— Instructions to follow —
Every line of the material below should be output exactly as written, with the images skipped.

Stored data below:

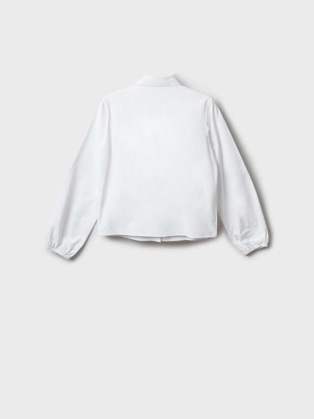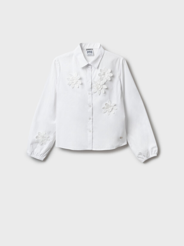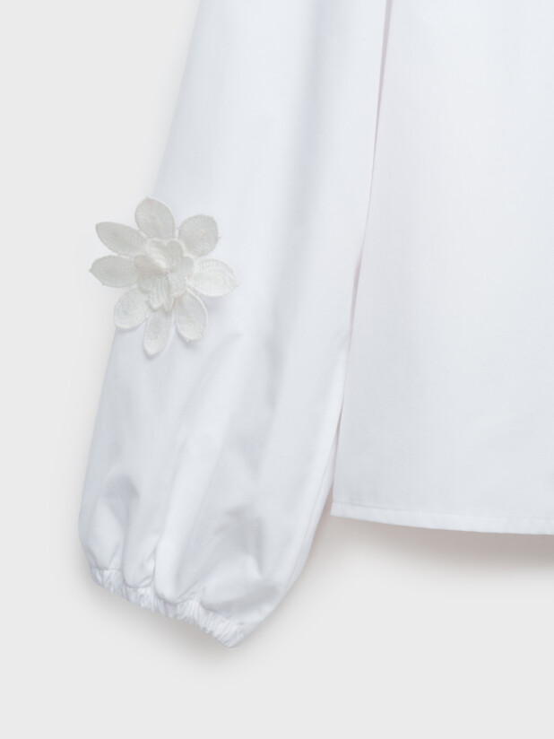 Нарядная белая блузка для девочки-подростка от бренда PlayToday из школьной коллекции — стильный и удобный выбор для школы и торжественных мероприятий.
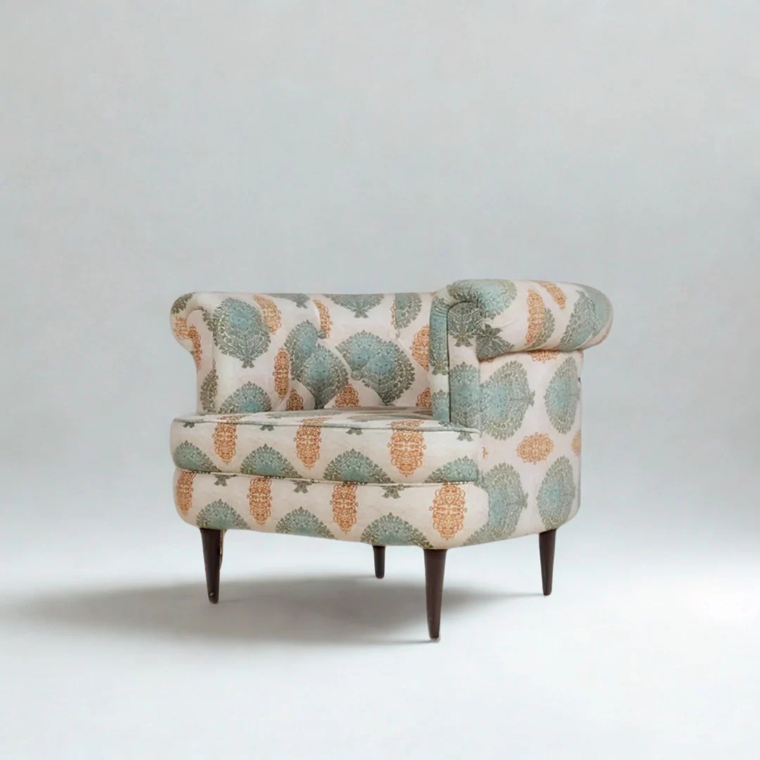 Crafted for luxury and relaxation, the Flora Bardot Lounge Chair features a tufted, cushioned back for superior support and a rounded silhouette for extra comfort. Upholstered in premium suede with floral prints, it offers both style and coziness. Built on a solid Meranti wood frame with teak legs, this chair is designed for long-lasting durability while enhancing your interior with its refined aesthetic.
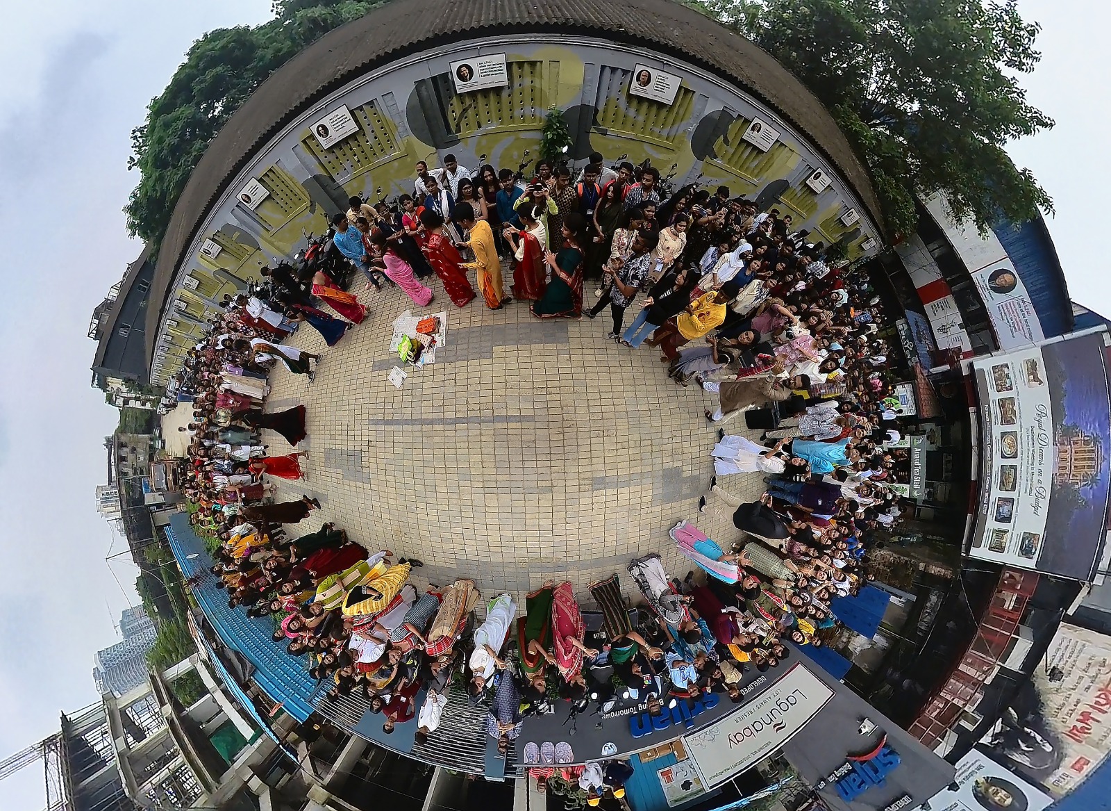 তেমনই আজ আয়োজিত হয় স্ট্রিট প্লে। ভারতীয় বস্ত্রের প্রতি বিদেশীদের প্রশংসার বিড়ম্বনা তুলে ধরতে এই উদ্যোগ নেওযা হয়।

End of Stored data.

— Task solution —
 Нарядная белая блузка для девочки-подростка от бренда PlayToday из школьной коллекции — стильный и удобный выбор для школы и торжественных мероприятий.
 Crafted for luxury and relaxation, the Flora Bardot Lounge Chair features a tufted, cushioned back for superior support and a rounded silhouette for extra comfort. Upholstered in premium suede with floral prints, it offers both style and coziness. Built on a solid Meranti wood frame with teak legs, this chair is designed for long-lasting durability while enhancing your interior with its refined aesthetic.
 তেমনই আজ আয়োজিত হয় স্ট্রিট প্লে। ভারতীয় বস্ত্রের প্রতি বিদেশীদের প্রশংসার বিড়ম্বনা তুলে ধরতে এই উদ্যোগ নেওযা হয়।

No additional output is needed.